Phishing’ten Nasıl Korunulur?
Phishing saldırılarından korunmak için yalnızca teknik önlemler yetmez, kullanıcıların da güvenlik bilinci kazanması gerekir.
Bireysel Önlemler:
- Asla doğrudan e-postadan gelen linke tıklamayın; adresi manuel yazın.
- Tanımadığınız kişilerden gelen eklere tıklamayın.
- Şüpheli durumlarda kurumu doğrudan arayarak doğrulama yapın.
- Parolalarınızı paylaşmayın, çok faktörlü kimlik doğrulama (MFA) kullanın.
Kurumsal Önlemler:
- SPF, DKIM ve DMARC politikaları etkinleştirilmelidir.
- Güçlü e-posta güvenlik çözümleri kullanılmalıdır (örneğin sandbox ortamında eklenti testleri).
- Kullanıcılara düzenli oltalama simülasyonları ve farkındalık eğitimleri verilmelidir.
- Erişim kontrolleri ve oturum yönetimi iyileştirilmelidir.
Örnek Bir Vaka
Gelen phishing mail:
(Please kindly forward this to your CEO, because this is urgent.
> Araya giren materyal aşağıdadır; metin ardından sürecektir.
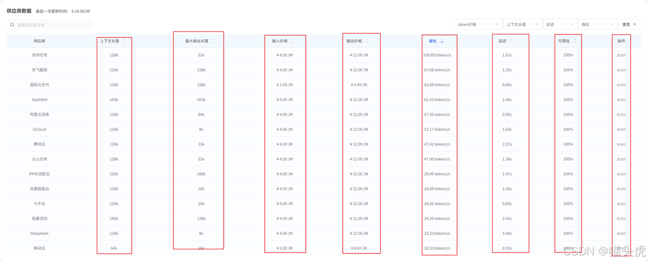 查看下方的供应商表格,对于长文本任务,吞吐量(Tokens/s) 变得很重要,因为它直接影响处理速度。对比不同供应商提供的 “吞吐量” 和 “价格”,选择一个处理速度快且稳定的供应商。

If you believe this has been sent to you in error, please ignore it. Thanks)
Dear CEO,
We are the domain name registration service company in China. We received an application from Hongfei Ltd on April 1, 2025. They want to request “xx” as their internet keyword and China (CN) domain names (xx.cn, xx.com.cn, xx.net.cn, xx.org.cn). But after checking it, we find this name conflict with your company name or trademark. In order to deal with this matter better, it’s necessary to send email to you and confirm whether this company is your distributor or business partner in China?
Bu mailin phishing olduğunu nasıl tespit ettik?
- Çin merkezli bir alan adı, bu tarz alan adları (org.cn) genellikle güvenilmez. Org alan adları sivil toplum kuruluşları tarafından kullanılır. Kurumsal bir alan adı değildir.
- Bu alan adı gerçek bir domain kayıt firması mı? Belirsiz. Who is kaydında bilgi bulunmuyor. Pishing saldırılarında sahte alan adları kullanılır.
- “Lütfen bu e-postayı CEO’nuza iletin” gibi ifadeler genelde aciliyet hissi yaratmak için kullanılır. Bu, klasik bir sosyal mühendislik taktiğidir.
- “Bir firma sizin alan adınızı almak istiyor” içeriği, phishing saldırılarında çok sık rastlanan bir taktiktir.
Phishing saldırıları geliştikçe siber güvenlik önlemleri de sıklaşıyor. Bu noktada önem kazanan “teknolojik korumayı doğru kullanıcı davranışıyla birleştirme” oluyor.